*** Information given Section Begins ***
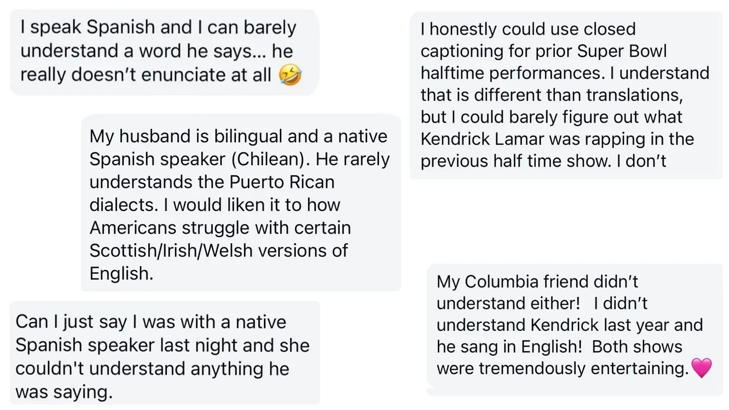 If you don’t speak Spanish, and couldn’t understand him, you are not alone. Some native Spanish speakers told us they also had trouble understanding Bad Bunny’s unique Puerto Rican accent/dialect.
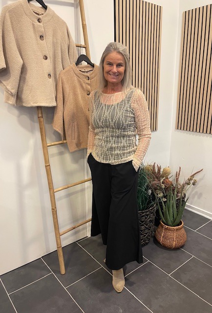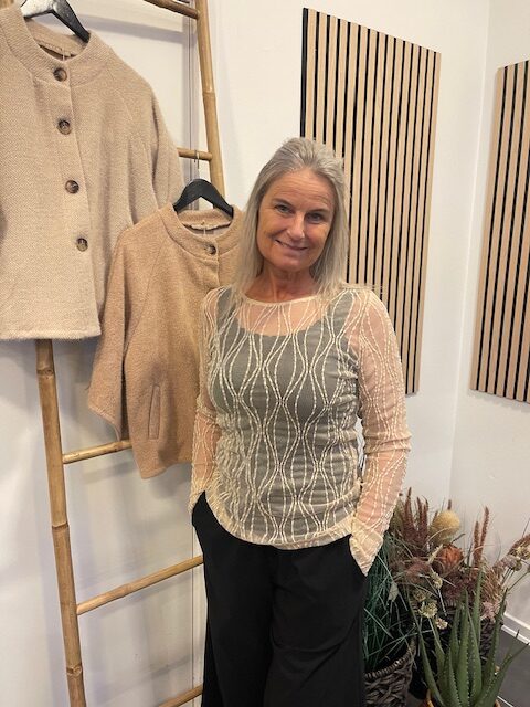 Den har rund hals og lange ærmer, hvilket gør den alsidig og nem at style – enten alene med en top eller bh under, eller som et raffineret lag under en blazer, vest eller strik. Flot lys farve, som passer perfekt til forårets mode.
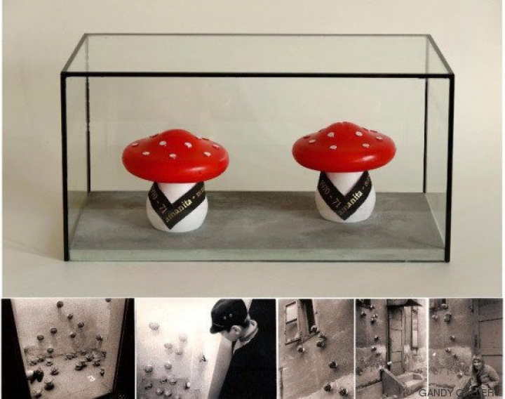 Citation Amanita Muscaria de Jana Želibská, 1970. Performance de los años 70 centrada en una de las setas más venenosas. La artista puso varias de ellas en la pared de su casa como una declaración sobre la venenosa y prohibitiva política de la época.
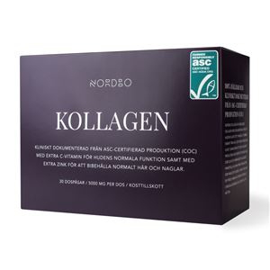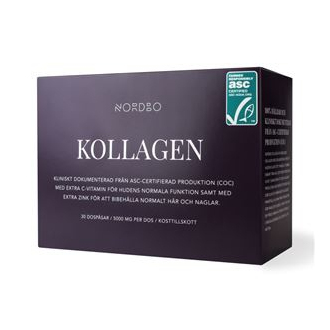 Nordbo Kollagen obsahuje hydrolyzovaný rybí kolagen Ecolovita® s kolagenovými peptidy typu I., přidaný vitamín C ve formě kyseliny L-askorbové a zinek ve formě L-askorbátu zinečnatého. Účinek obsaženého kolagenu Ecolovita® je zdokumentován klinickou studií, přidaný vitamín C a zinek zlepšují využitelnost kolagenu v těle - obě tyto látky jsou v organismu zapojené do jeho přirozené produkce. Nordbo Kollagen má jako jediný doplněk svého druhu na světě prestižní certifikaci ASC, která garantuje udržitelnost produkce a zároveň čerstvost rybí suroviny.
*** Information given Section Ends ***
*** Information given Section Begins ***
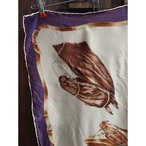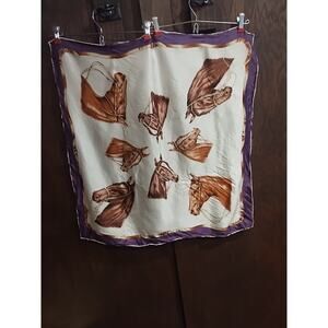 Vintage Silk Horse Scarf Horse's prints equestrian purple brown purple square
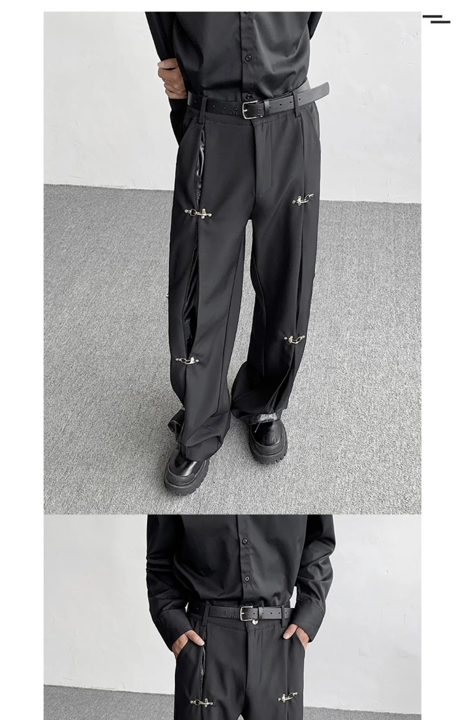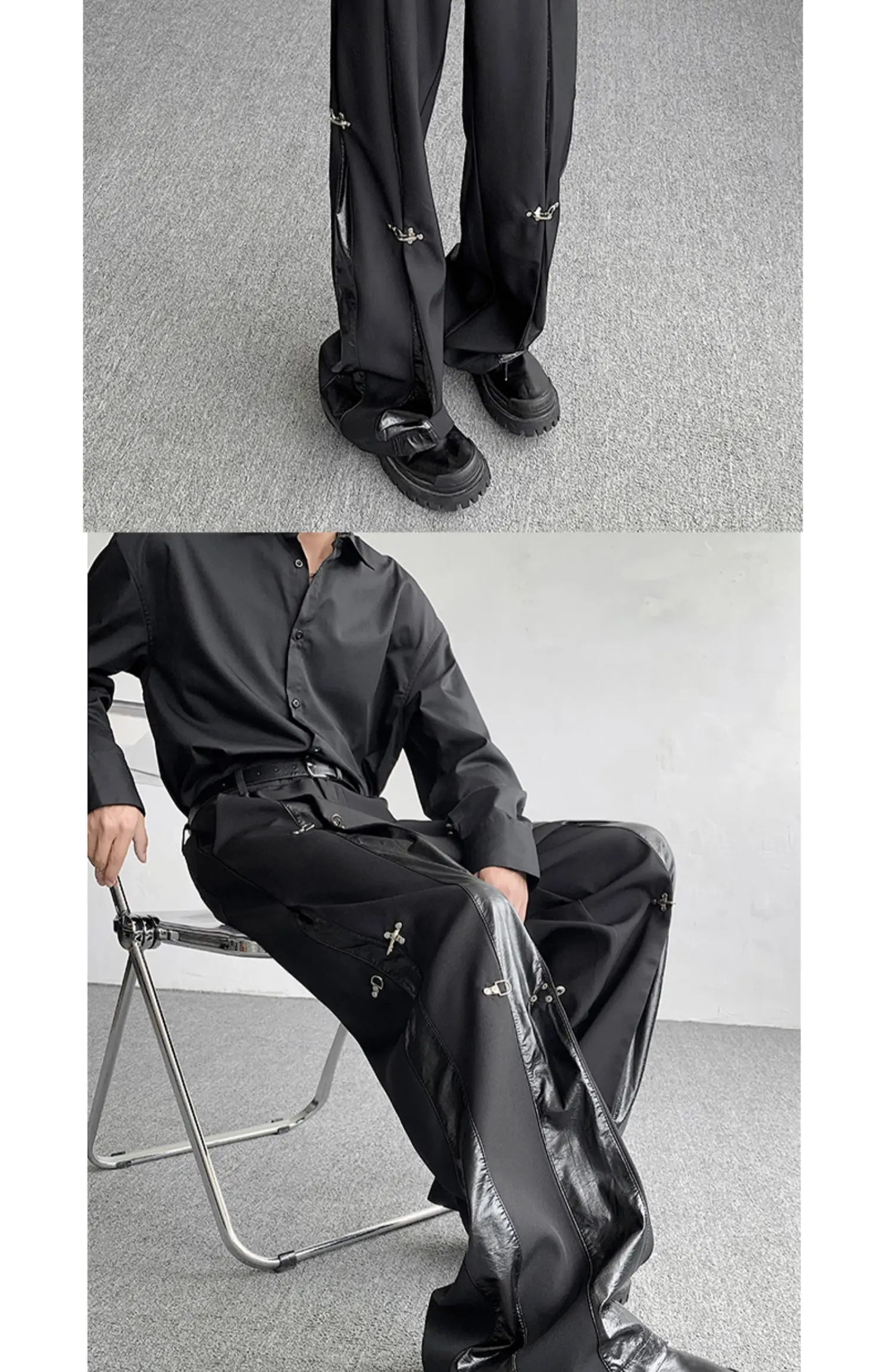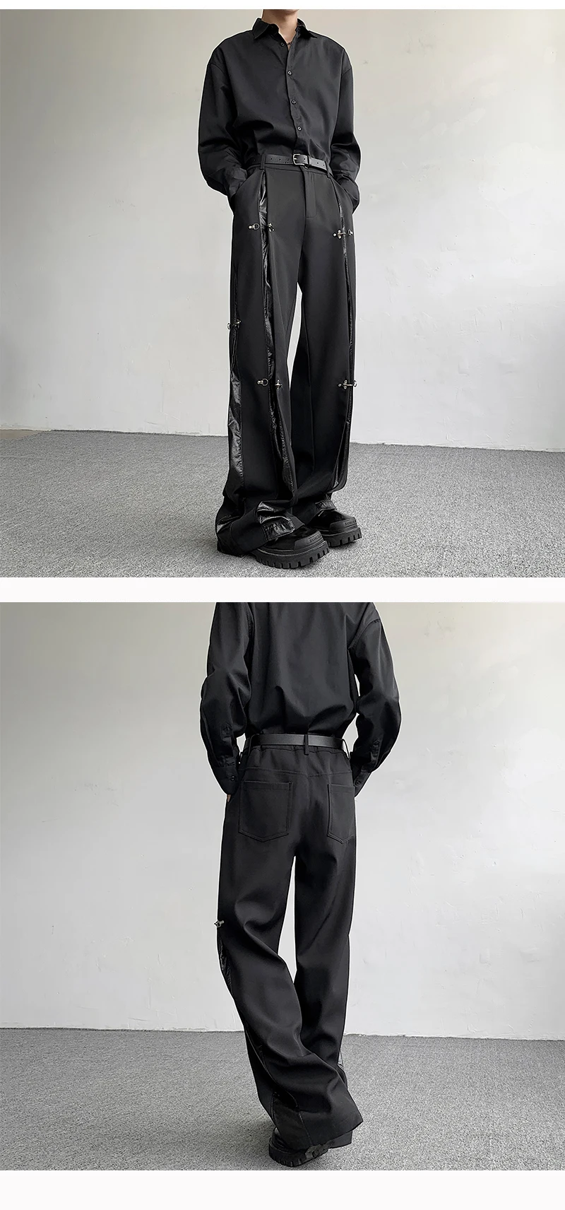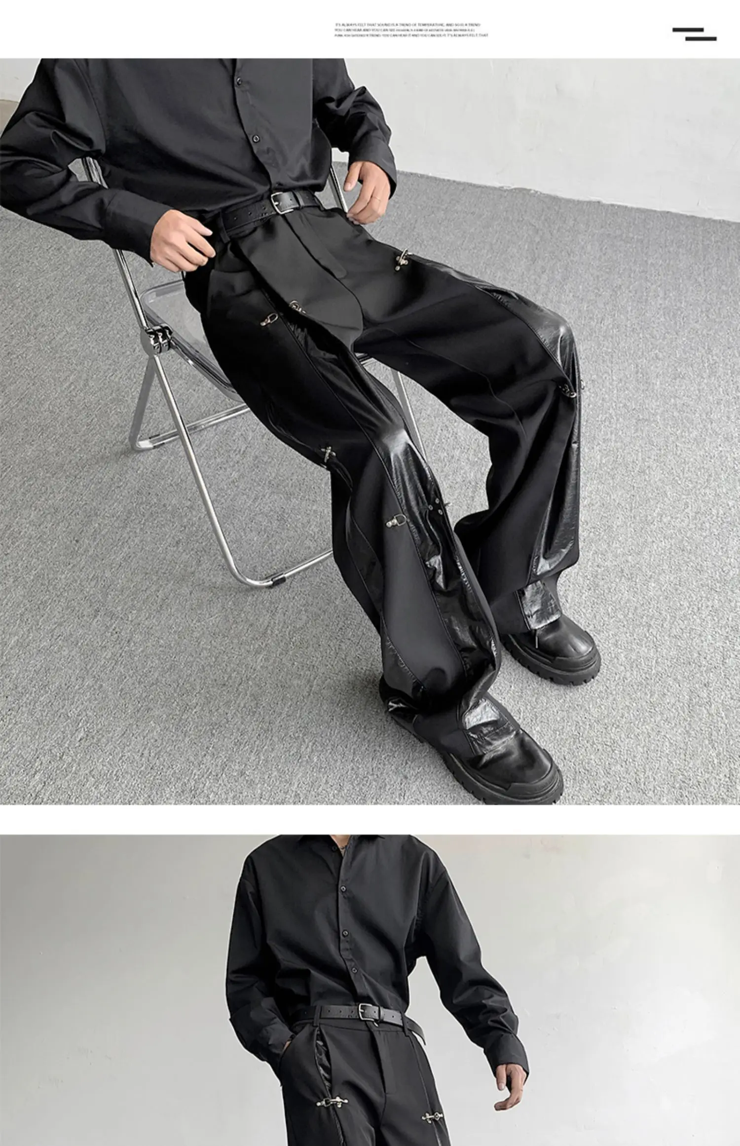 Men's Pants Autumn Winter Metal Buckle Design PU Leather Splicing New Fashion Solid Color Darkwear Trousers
*** Information given Section Ends ***
> _Work order_
Within the entries above, give again exactly the lines starting at the one that contains "If you don’t" and ending at the one that contains "Citation Amanita Muscaria", leaving out the pictures.

> _Output_
 If you don’t speak Spanish, and couldn’t understand him, you are not alone. Some native Spanish speakers told us they also had trouble understanding Bad Bunny’s unique Puerto Rican accent/dialect.
 Den har rund hals og lange ærmer, hvilket gør den alsidig og nem at style – enten alene med en top eller bh under, eller som et raffineret lag under en blazer, vest eller strik. Flot lys farve, som passer perfekt til forårets mode.
 Citation Amanita Muscaria de Jana Želibská, 1970. Performance de los años 70 centrada en una de las setas más venenosas. La artista puso varias de ellas en la pared de su casa como una declaración sobre la venenosa y prohibitiva política de la época.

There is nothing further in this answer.